▶ _Exercise requirements_: Each entry is to be retyped exactly as it appears. Leave the images out.

Data to examine: Begin

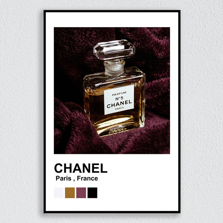 C Parfume art print ingelijst in zwarte aluminium lijst
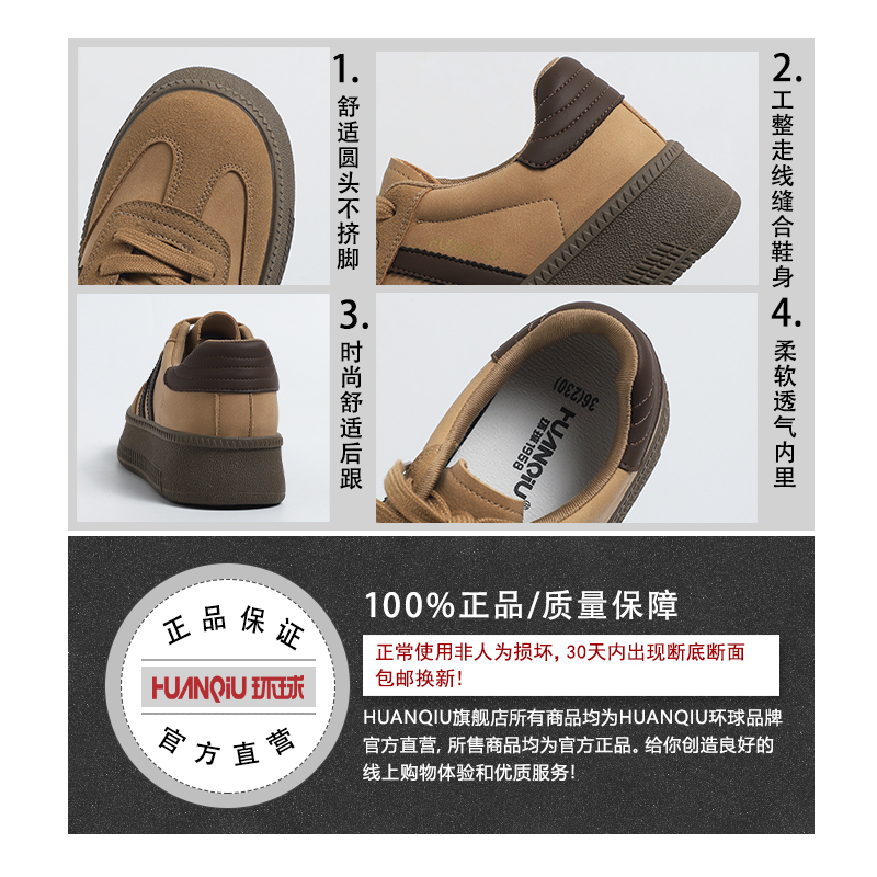 女款 休闲运动鞋 2025秋季 棕色内增高设计感小众时尚 新款 人本德训鞋
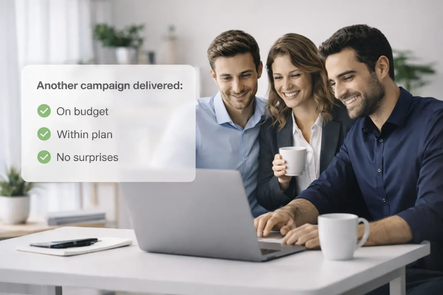 Manage high-volume campaigns, suppliers, and approvals with full visibility into budgets, commitments, and actual costs — and stay in control of cash flow as spend evolves.
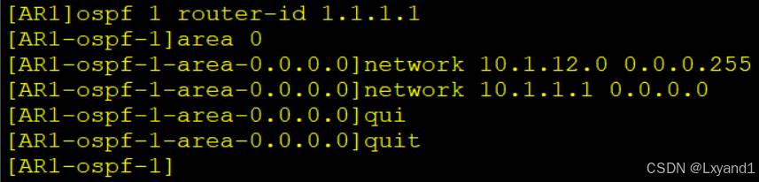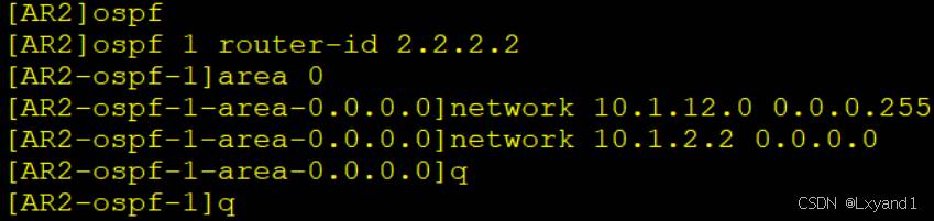 • 将AR1的 G0/0/0口、loopback0口、AR2的 G0/0/0 口宣告进入 OSPF 的区域1。
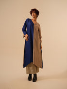 Indulge in luxury with our Onyx Tunic, crafted from the finest Mysore Silk. Its bold color blocking and effortless silhouette, with short side slits, create a versatile piece that can be worn as both a tunic and a dress. Elevate your style with ease and sophistication in this exclusive garment.
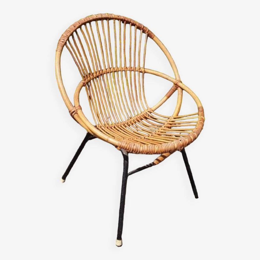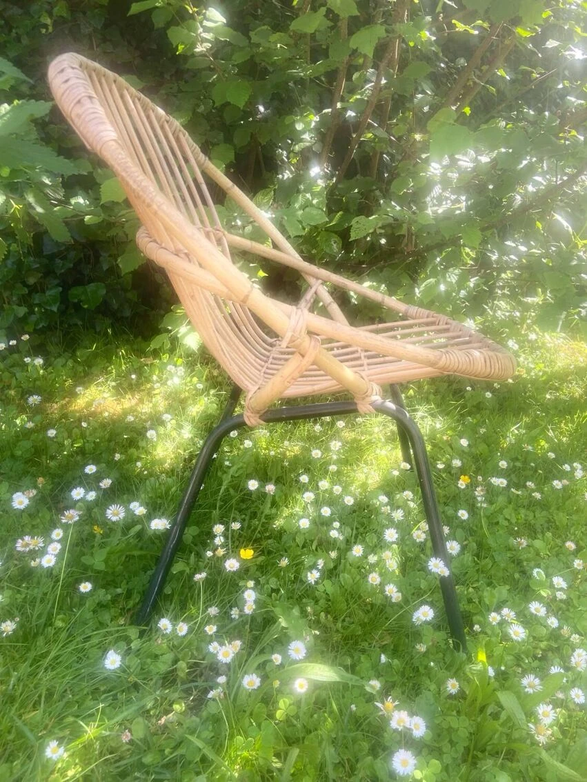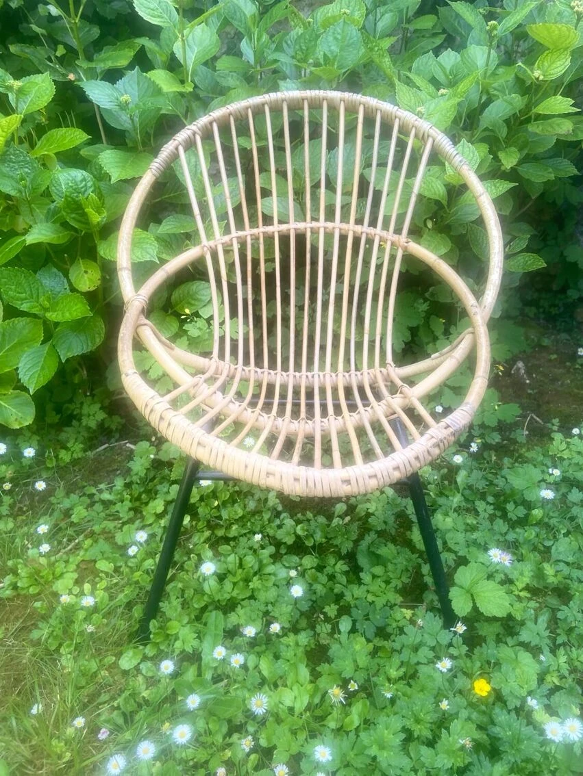 A vintage armchair with black iron base in good condition the whole is in good condition, some visible and acceptable traces of time, the base is free of rust.
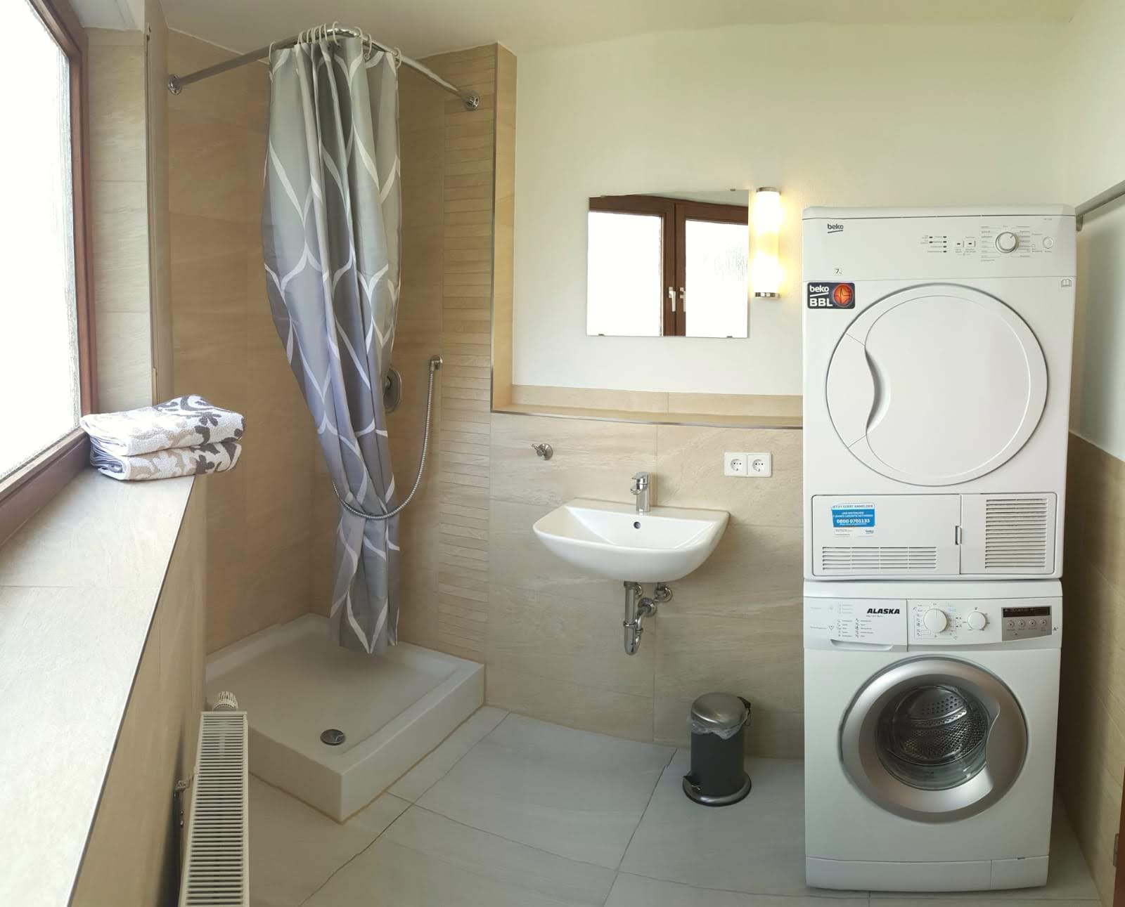 Waschmaschine und in den meisten Apartments auch Trockner

Data to examine: End

▶ _Answer space_:
 C Parfume art print ingelijst in zwarte aluminium lijst
 女款 休闲运动鞋 2025秋季 棕色内增高设计感小众时尚 新款 人本德训鞋
 Manage high-volume campaigns, suppliers, and approvals with full visibility into budgets, commitments, and actual costs — and stay in control of cash flow as spend evolves.
 • 将AR1的 G0/0/0口、loopback0口、AR2的 G0/0/0 口宣告进入 OSPF 的区域1。
 Indulge in luxury with our Onyx Tunic, crafted from the finest Mysore Silk. Its bold color blocking and effortless silhouette, with short side slits, create a versatile piece that can be worn as both a tunic and a dress. Elevate your style with ease and sophistication in this exclusive garment.
 A vintage armchair with black iron base in good condition the whole is in good condition, some visible and acceptable traces of time, the base is free of rust.
 Waschmaschine und in den meisten Apartments auch Trockner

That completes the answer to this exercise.